For carbs, you can have brown rice, fermented brown rice, boiled, or steamed potatoes, boiled or steamed sweet potatoes, boiled or steamed taros, corns, wholewheat bread, quinoa, or any other types of grains. As for potatoes, sweet potatoes and taros are better than white potatoes, and yet for many Europeans, white potatoes have been your staple food for centuries, it is possible that some of your gut microbes like potatoes. I wouldn’t rule them out as long as you don’t eat too much of them. When you eat potatoes, eat the skin as well.

For wheat and it goes for other grains, too, it is better to eat wheat berries rather than flour. You can cook wheat berries just like you cook brown rice. If you want to eat bread, make sure that you eat sourdough bread and use wholewheat flour. You can bake your own bread so that you can choose the ingredients. I usually make bread with 60 to 70% whole wheat flour and the rest with nuts, seeds, dried fruit, oats, muesli, or rice.

For vegetables, you can choose locally grown seasonal vegetables, possibly including the ones you can eat raw, too. For vegetables you need to cook, you can boil, steam, or stirfry them. You can season them with herbs. For the salad, you can make a dressing with brown rice vinegar or apple vinegar, olive oil or sesame oil, sesame seeds, and some salt.

For protein, you can have beans or fish, depending on what you had for breakfast. I would limit animal protein to one meal a day. If you had eggs for breakfast, you can have beans for lunch and supper.

What can you have for supper?

Depending on your schedule, supper can be your biggest meal of the day.

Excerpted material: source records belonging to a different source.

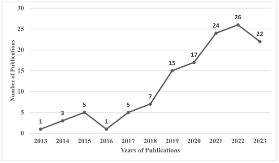 Figure 3 illustrates the annual distribution of publications from 2013 to 2023. Interest in DTs for C&DW witnessed gradual growth before 2019, with at most 20 relevant papers published annually. A notable increase occurred in 2020, with two more publications than the previous year, 2019. In 2021, there were 24 publications, which denotes a further increase of 7 publications from 2020, followed by a significant rise in 2022 to 26 articles. Previous studies have opined that DTs for C&DWM in the construction industry are gaining more attention [16,19,31], which has become a critical domain in the construction sector. Therefore, the outcome denotes a notable interest in DTs for C&DWM over the past four years, which aligns with earlier research that identified DTs as a prominent topic within the construction sector.
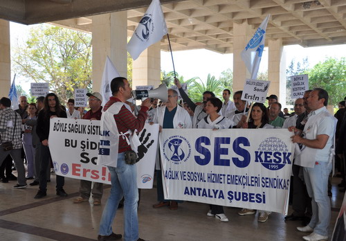(THD), Devrimci Sağlık İşçileri Sendikası ve Akdeniz Üniversitesi Öğretim Elemanları Derneği “Böyle sağlık sistemi olmaz. Sağlıkta şiddet sona Ersin” diyerek bir günlük uyarı grevi gerçekleştirdiler. Akdeniz Üniversitesi Tıp Fakültesi Hastanesi A Blok önünde toplanan sağlık emekçileri ilk olarak geçen yıl Gaziantep’te hasta yakını tarafından öldürülen Dr.Ersin Arslan anısına bir dakikalık saygı duruşu yaptı. Saygı duruşunun ardından kurumlar adına SES Antalya Şube Başkanı Mustafa Kılınç basın açıklamasını okudu.
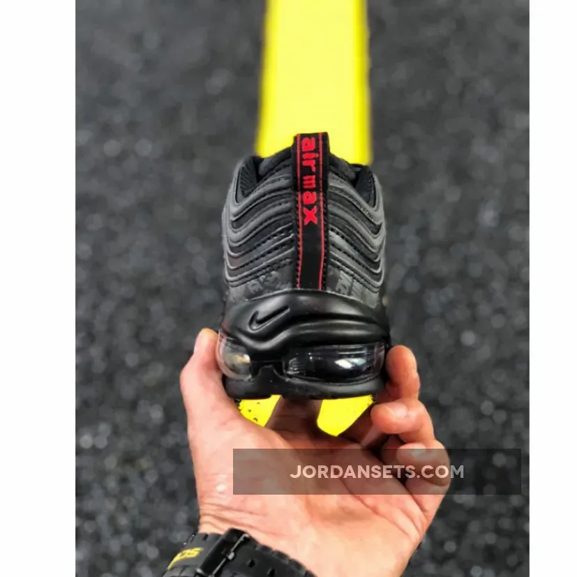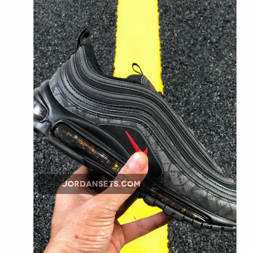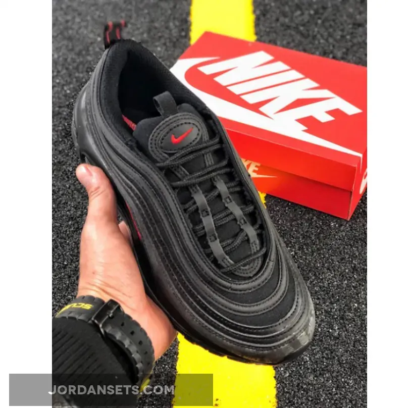 Inspired by the famous Japanese bullet trains, the Nike Air Max 97 Black Red is one of the most versatile sneakers out there. Painted in a murdered out colourway, contrasting red accents hit the Swoosh logos and the heel tab for a stealthy aesthetic. Finely crafted from premium leather and breathable mesh, this AM97 sits atop a blacked out Air Max bubble unit for additional comfort and a smoother stride.
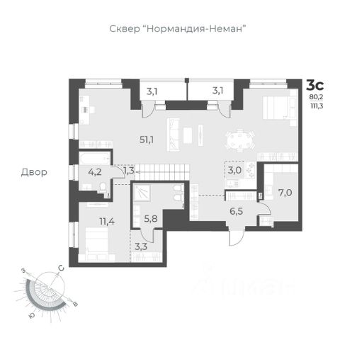 Продаётся 3-комнатная квартира в сданном доме (Дом 3), срок сдачи: III-кв. 2024, общей площадью 91.3 кв.м., на 1 этаже. При планировке жилых пространств комплекса "Нормандия-Неман" базовыми аспектами стали новаторство, рационализм и жизнелюбие. В квартирной типологии целый ряд инновационных планировок. Творчески осмыслена и топография места: этот потенциал красиво реализован в пентхаусных квартирах - в жилищах с панорманым видом и буквально общегородским обзором. Отсюда будет виден и центр Новосибирска, и зеленое приволье Заельцовского бора, и переливчатая гладь Оби.
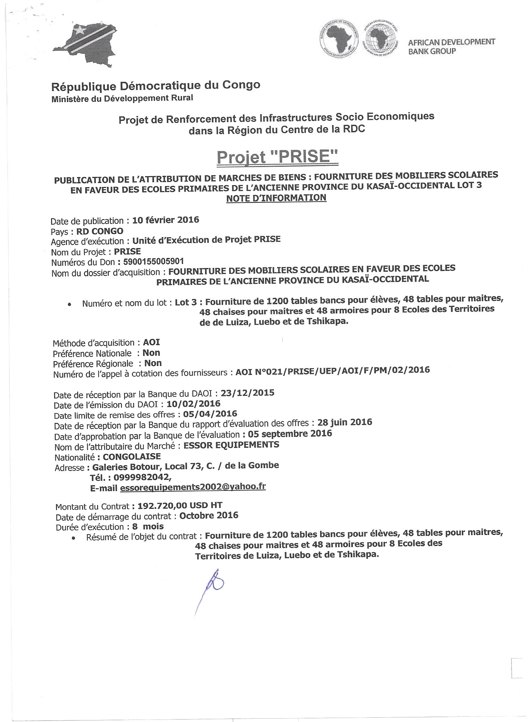 Attribution de marché de fourniture des mobiliers scolaires en faveur des écoles primaires de l’ancienne province du Kasaï-Occidental LOT 3

I said making lunch the main meal was preferable, but social life is important for your mentality, too, so whichever way is comfortable, you can choose it.

The menu for supper is pretty much the same as that of lunch. You can rotate 10 to 20 menus around lunch and supper. If you make lunch the biggest meal of the day, supper can be lighter. You can just have soup and bread, or salad and beans. One thing good to have in the evening though is natto, fermented soybeans. Natto germ can best be taken at night. So, fermented brown rice, miso soup with a lot of vegetables, pickles, and natto would be one of the best supper menus. You can have a glass or two glasses of red wine with them, too.

What can you have for dessert or snacks?

If you can, you can live without them. Stop eating when you are 70% full or 80% full is good for your stomach and intestines. If you have dessert after supper, it can be too much food to digest. I wouldn’t encourage eating between meals either since you want to give enough breaks to your organs. You don’t want to eat after 8 pm, and if you have the urge to put something in your mouth, you can drink some herb tea. Nevertheless, a strict diet cannot last so you can make exceptions from time to time. You can make your own sweets using raw sugar, honey, brown sugar, or other natural syrup. You can have nuts or dark chocolate with over 70% cacao as snacks, too. Cacao is said to be good for the brain. It boosts blood circulation to the brain.


Occasional feast

Just like making exceptions for dessert and snacks, you can make exceptions for your meals, as well, especially on weekends. I believe 70% of your diet affects your health and not 100%. I know a lot of diets out there are strict but I also know that mental stress is one of the biggest causes of diseases. You want to make your diet lose enough for you to continue practicing and making 30% of your diet to give yourself breaks is a way to go.

First, find ways to enjoy your food while keeping it within your diet, but if you can’t do it, you can break rules from time to time.

What is more critical is that you enjoy your dietary culture.